Data:
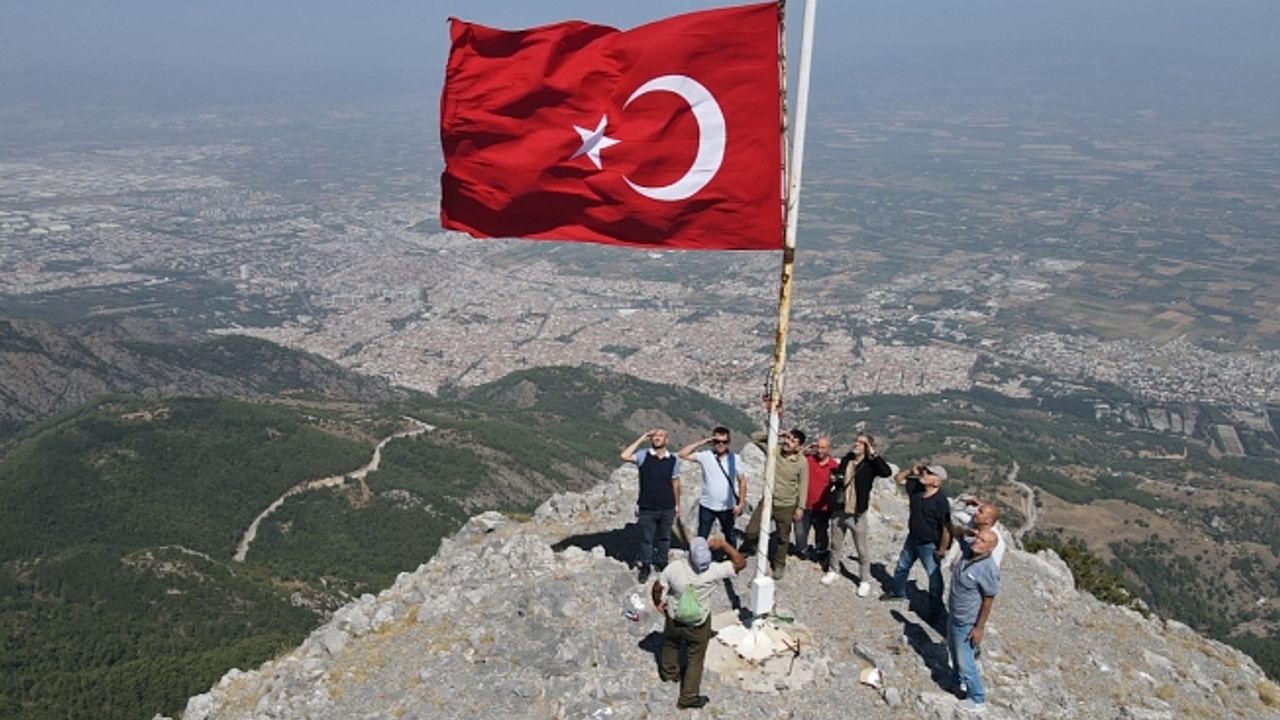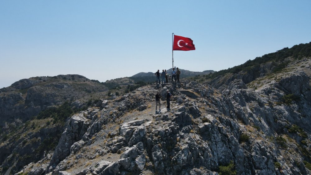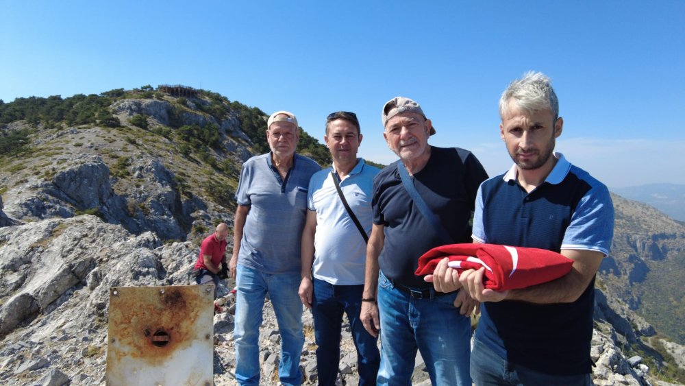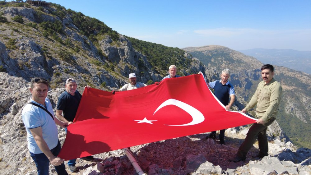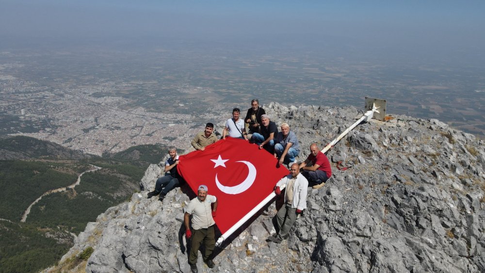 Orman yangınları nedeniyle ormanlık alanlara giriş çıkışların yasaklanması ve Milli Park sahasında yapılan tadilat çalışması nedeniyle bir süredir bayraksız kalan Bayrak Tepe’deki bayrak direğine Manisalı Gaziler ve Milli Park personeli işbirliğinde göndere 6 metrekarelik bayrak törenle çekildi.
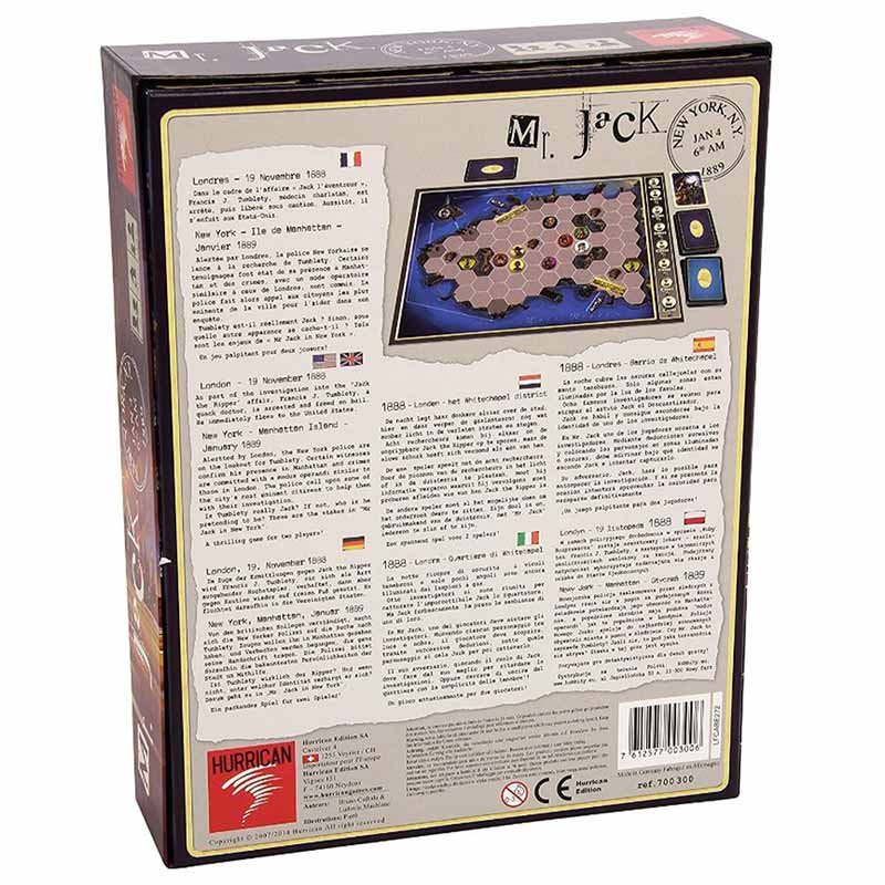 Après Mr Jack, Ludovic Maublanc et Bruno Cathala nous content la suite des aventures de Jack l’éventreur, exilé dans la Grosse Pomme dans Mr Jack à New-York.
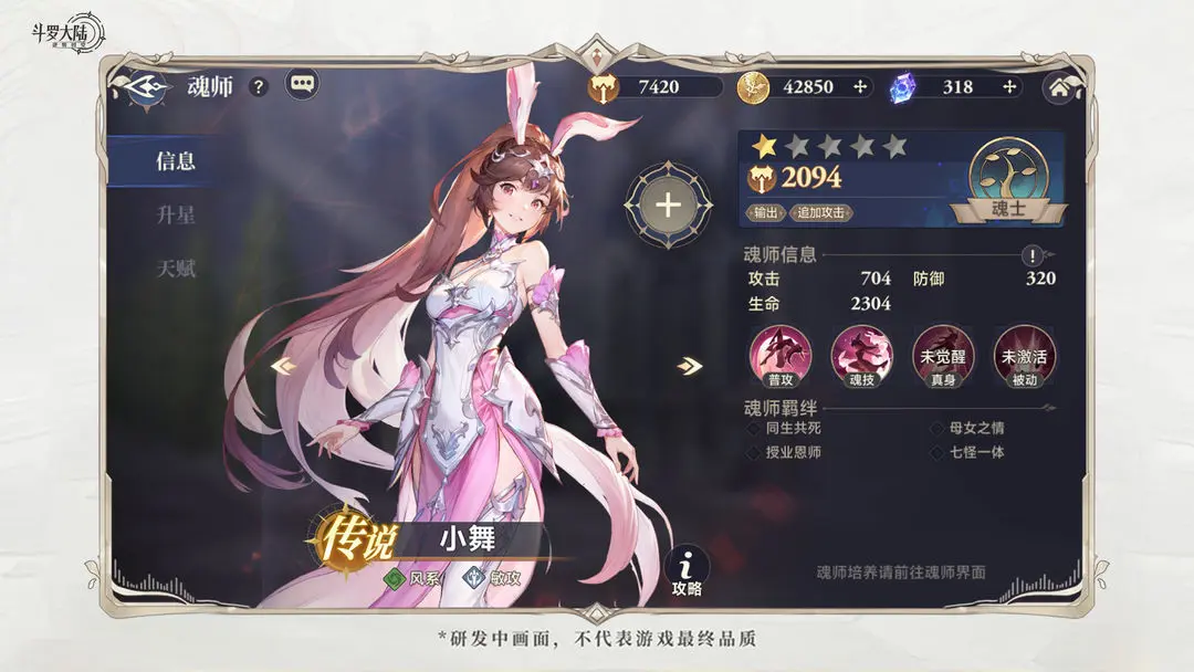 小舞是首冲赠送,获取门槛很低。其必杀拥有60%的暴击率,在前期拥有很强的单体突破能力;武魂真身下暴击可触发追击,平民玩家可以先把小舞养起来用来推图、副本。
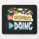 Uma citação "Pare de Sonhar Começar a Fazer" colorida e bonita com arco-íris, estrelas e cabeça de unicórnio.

Task prompt: Each line from the first line of the data above through the one containing "Après Mr Jack, Ludovic" must be set down exactly; the pictures must not be.

Response to this task:
 Orman yangınları nedeniyle ormanlık alanlara giriş çıkışların yasaklanması ve Milli Park sahasında yapılan tadilat çalışması nedeniyle bir süredir bayraksız kalan Bayrak Tepe’deki bayrak direğine Manisalı Gaziler ve Milli Park personeli işbirliğinde göndere 6 metrekarelik bayrak törenle çekildi.
 Après Mr Jack, Ludovic Maublanc et Bruno Cathala nous content la suite des aventures de Jack l’éventreur, exilé dans la Grosse Pomme dans Mr Jack à New-York.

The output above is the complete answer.